In May 2025 Maxwell Anderson’s murder trial began. Prosecutors presented the timeline of Sade’s last day, the Life360 data showing movements between the restaurant, bar, and Maxwell’s home, footage of Sade and Maxwell together, and surveillance of a figure at Warnimont Park. They showed the burned car containing Sade’s purse and clothing, the backpack footage, the jacket with Sade’s DNA found in a neighbor’s trash, and deleted photos from Maxwell’s phone. Chloe Wright testified about the secret beach and Maxwell’s controlling behavior. Volunteers and family members who searched the shoreline described finding Sade’s blanket and other items in places law enforcement had previously searched, reinforcing the extent of the search.

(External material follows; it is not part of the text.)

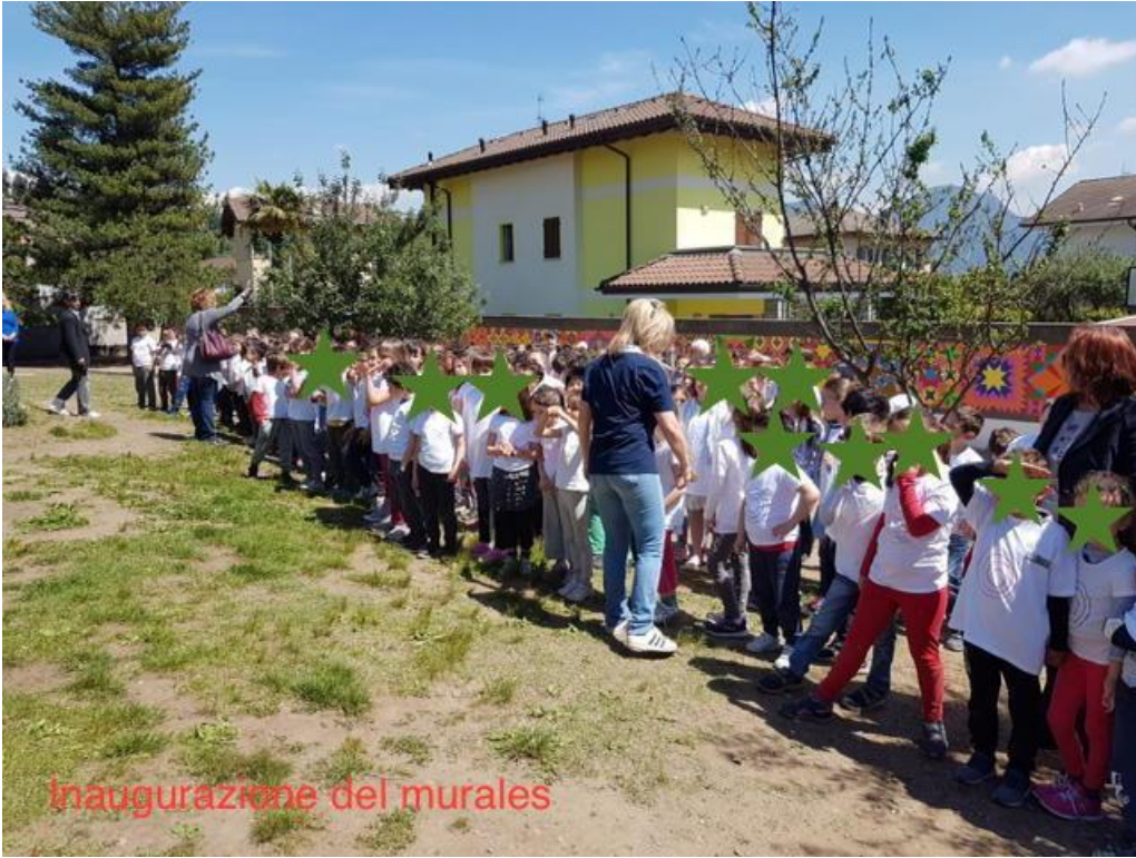
Inaugurazione del murales

The defense emphasized gaps: lack of direct evidence of the killing, no recovered weapon tied to Maxwell, and the possibility that other people could have had access to Maxwell’s car or known the route. Jurors, however, were influenced by the combined circumstantial evidence: timeline, location data, surveillance, physical evidence linking Maxwell’s clothing to Sade, and the photos from Maxwell’s phone that jurors described as particularly disturbing and convincing.
Jury deliberation was short. Maxwell Anderson was found guilty of first‑degree intentional homicide, mutilation of a corpse, and arson. At sentencing the judge described the crime as among the most serious, and Maxwell was sentenced to life in prison without the possibility of parole.
Sade’s family and community mourned. On what would have been Sade’s 20th birthday, they held a memorial. Her sister Adriana accepted Sade’s associate degree at graduation the following spring. Sade’s mother Sheena launched a program to help crime victims and partnered with a state representative to pursue a task force examining violence against Black women and girls. The City of Milwaukee and local supporters created tributes: a mural near Sade’s workplace and a memorial bench at Warnimont Park—the shore where the investigation’s evidence first surfaced. Her family continues to press for answers about any remaining unrecovered remains, including Sade’s head, which has not been found.
Detective Donner said she believed the investigation had prevented further violence and that, based on the brutality of the homicide and the dismemberment, the offender left a danger behind if not stopped. Sade Robinson’s loved ones said the conviction could not bring her back but sought to keep her memory alive through advocacy and community support.